(DATA UNDER STUDY)
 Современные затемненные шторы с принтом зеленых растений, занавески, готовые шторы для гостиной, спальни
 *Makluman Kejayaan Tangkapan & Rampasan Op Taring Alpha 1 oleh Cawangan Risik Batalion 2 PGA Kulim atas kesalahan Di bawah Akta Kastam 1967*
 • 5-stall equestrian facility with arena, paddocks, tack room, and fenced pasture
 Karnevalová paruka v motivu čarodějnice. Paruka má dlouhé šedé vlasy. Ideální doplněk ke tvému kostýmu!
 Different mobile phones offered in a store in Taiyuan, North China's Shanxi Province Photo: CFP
(End DATA UNDER STUDY)
(DATA UNDER STUDY)
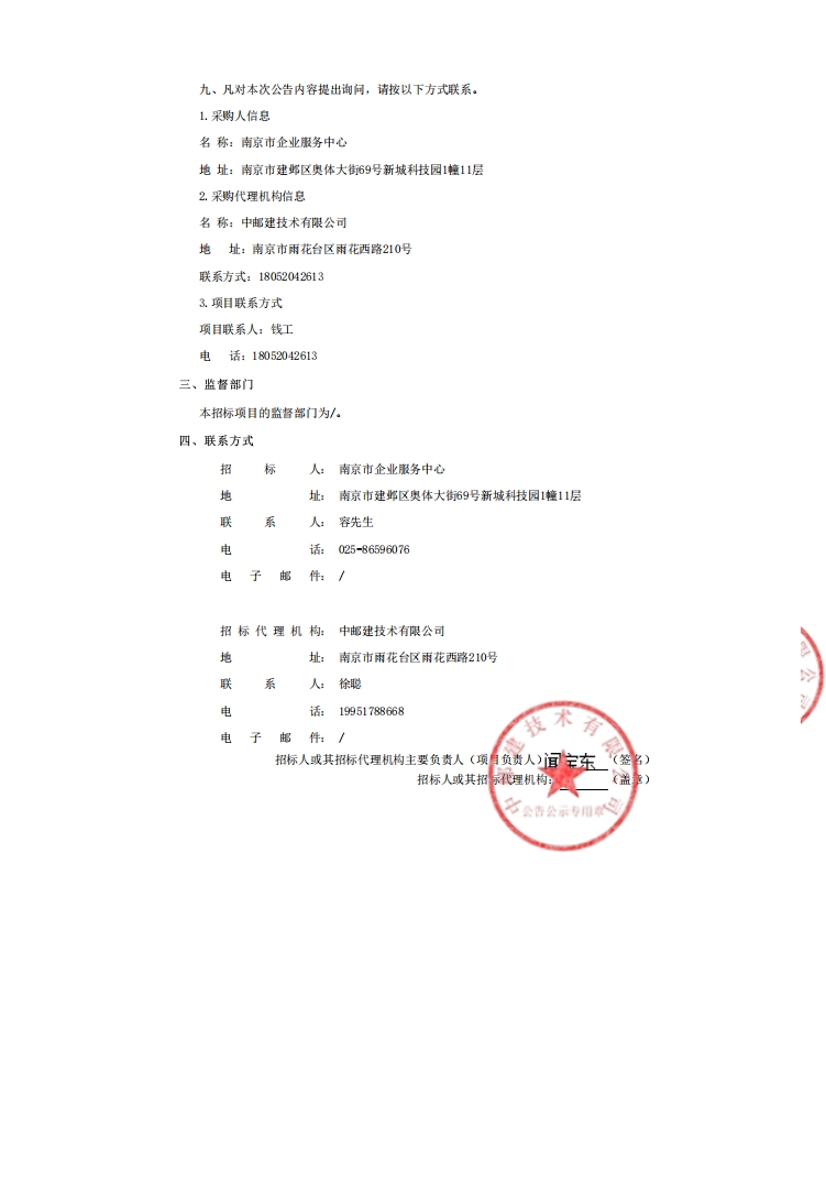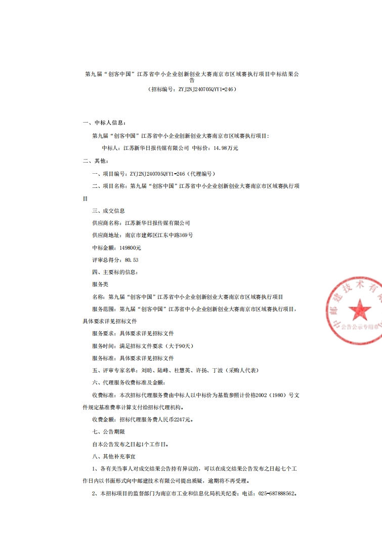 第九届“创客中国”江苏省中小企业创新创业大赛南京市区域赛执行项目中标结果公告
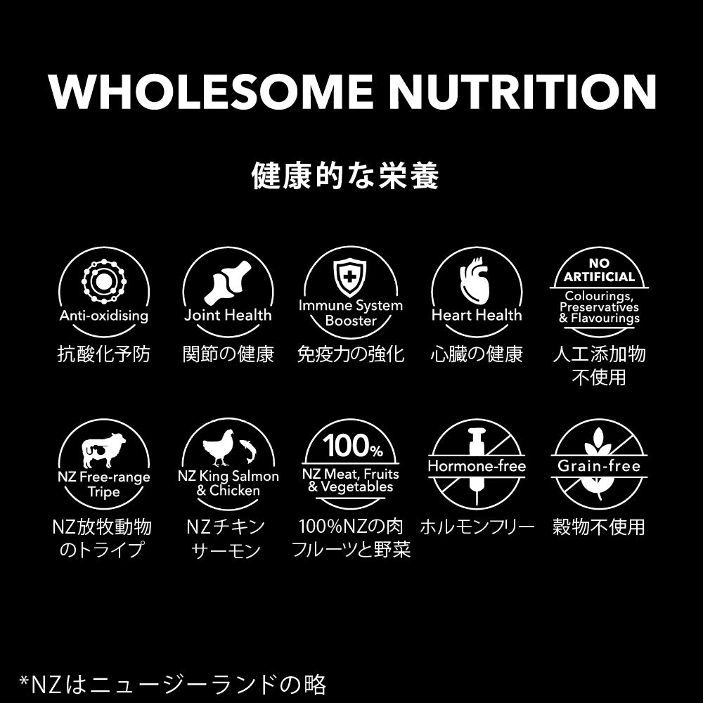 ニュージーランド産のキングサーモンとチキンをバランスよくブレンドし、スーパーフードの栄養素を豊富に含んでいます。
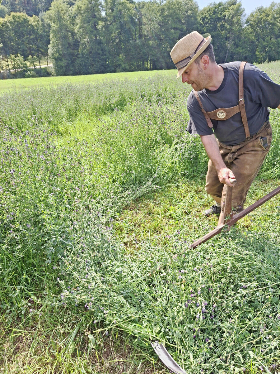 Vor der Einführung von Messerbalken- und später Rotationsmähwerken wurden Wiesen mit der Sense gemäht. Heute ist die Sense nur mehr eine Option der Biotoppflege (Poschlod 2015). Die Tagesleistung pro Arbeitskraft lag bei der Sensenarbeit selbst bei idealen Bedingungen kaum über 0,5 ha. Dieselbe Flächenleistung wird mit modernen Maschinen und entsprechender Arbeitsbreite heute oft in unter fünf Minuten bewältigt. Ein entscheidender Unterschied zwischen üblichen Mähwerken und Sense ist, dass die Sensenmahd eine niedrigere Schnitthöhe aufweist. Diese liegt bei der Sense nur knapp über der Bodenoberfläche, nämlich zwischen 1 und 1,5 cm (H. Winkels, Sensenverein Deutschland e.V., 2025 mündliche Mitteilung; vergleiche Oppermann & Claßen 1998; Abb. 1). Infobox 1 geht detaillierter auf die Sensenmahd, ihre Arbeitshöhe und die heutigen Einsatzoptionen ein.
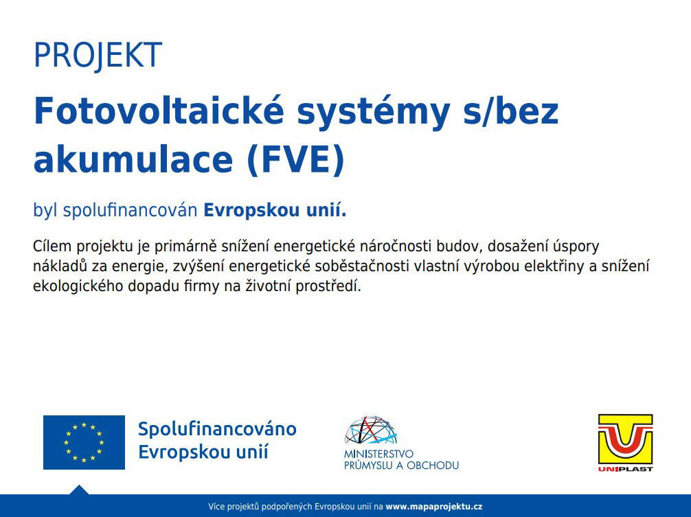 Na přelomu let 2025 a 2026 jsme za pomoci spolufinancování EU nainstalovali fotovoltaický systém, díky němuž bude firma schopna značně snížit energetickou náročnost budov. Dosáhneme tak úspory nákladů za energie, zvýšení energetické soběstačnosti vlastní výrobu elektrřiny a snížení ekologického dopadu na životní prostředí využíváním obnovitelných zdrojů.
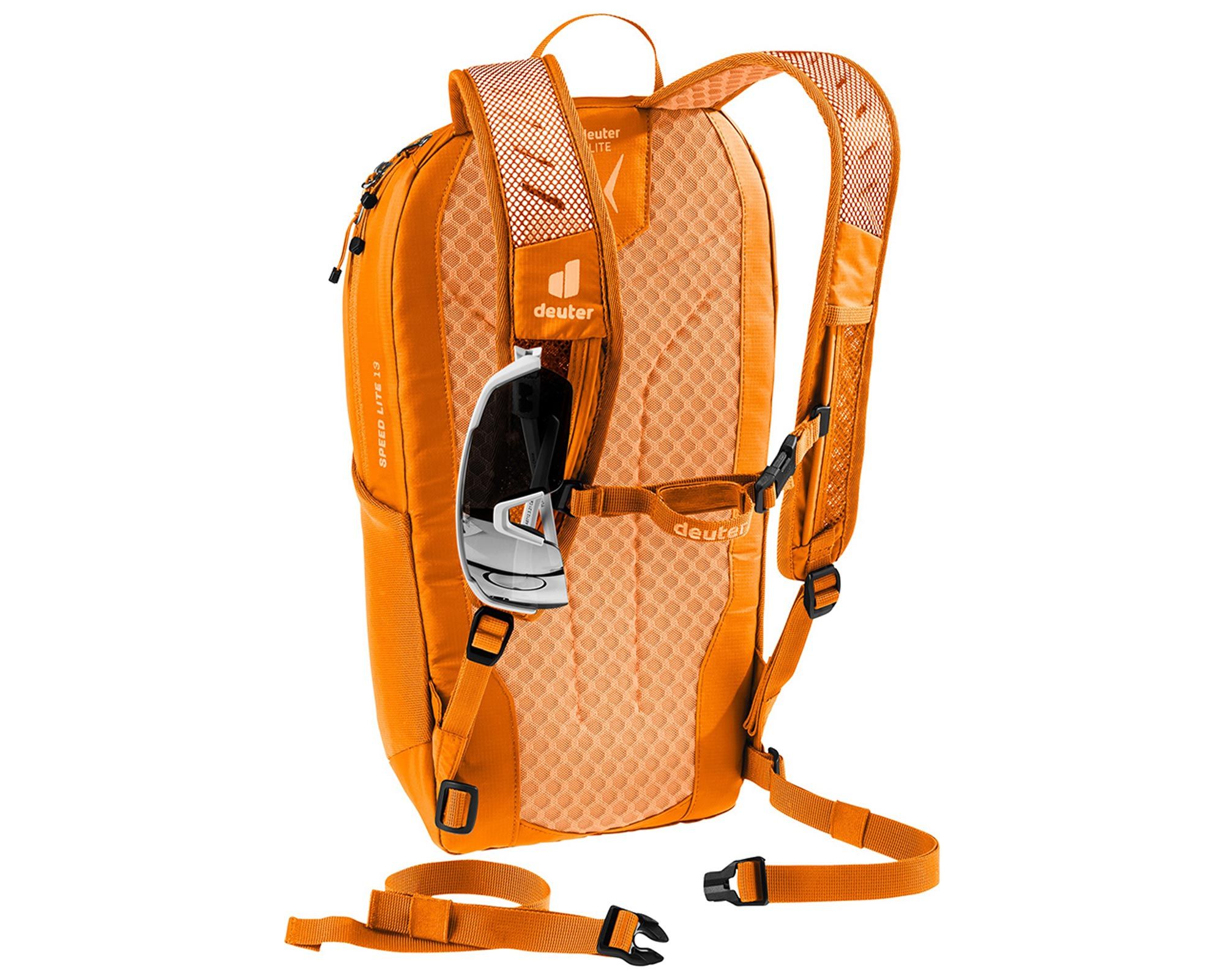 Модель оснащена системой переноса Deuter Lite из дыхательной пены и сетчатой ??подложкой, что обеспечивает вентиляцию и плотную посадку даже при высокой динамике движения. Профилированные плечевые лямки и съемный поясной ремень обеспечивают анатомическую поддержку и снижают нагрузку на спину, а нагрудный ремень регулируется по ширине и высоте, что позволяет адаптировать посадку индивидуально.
(End DATA UNDER STUDY)
▶ TASK INSTRUCTIONS:
Go to the line with "Karnevalová paruka v" in the entries above and repeat every line from there through the line with "Different mobile phones", exactly and with no other text.

▶ PROBLEM SOLUTION:
 Karnevalová paruka v motivu čarodějnice. Paruka má dlouhé šedé vlasy. Ideální doplněk ke tvému kostýmu!
 Different mobile phones offered in a store in Taiyuan, North China's Shanxi Province Photo: CFP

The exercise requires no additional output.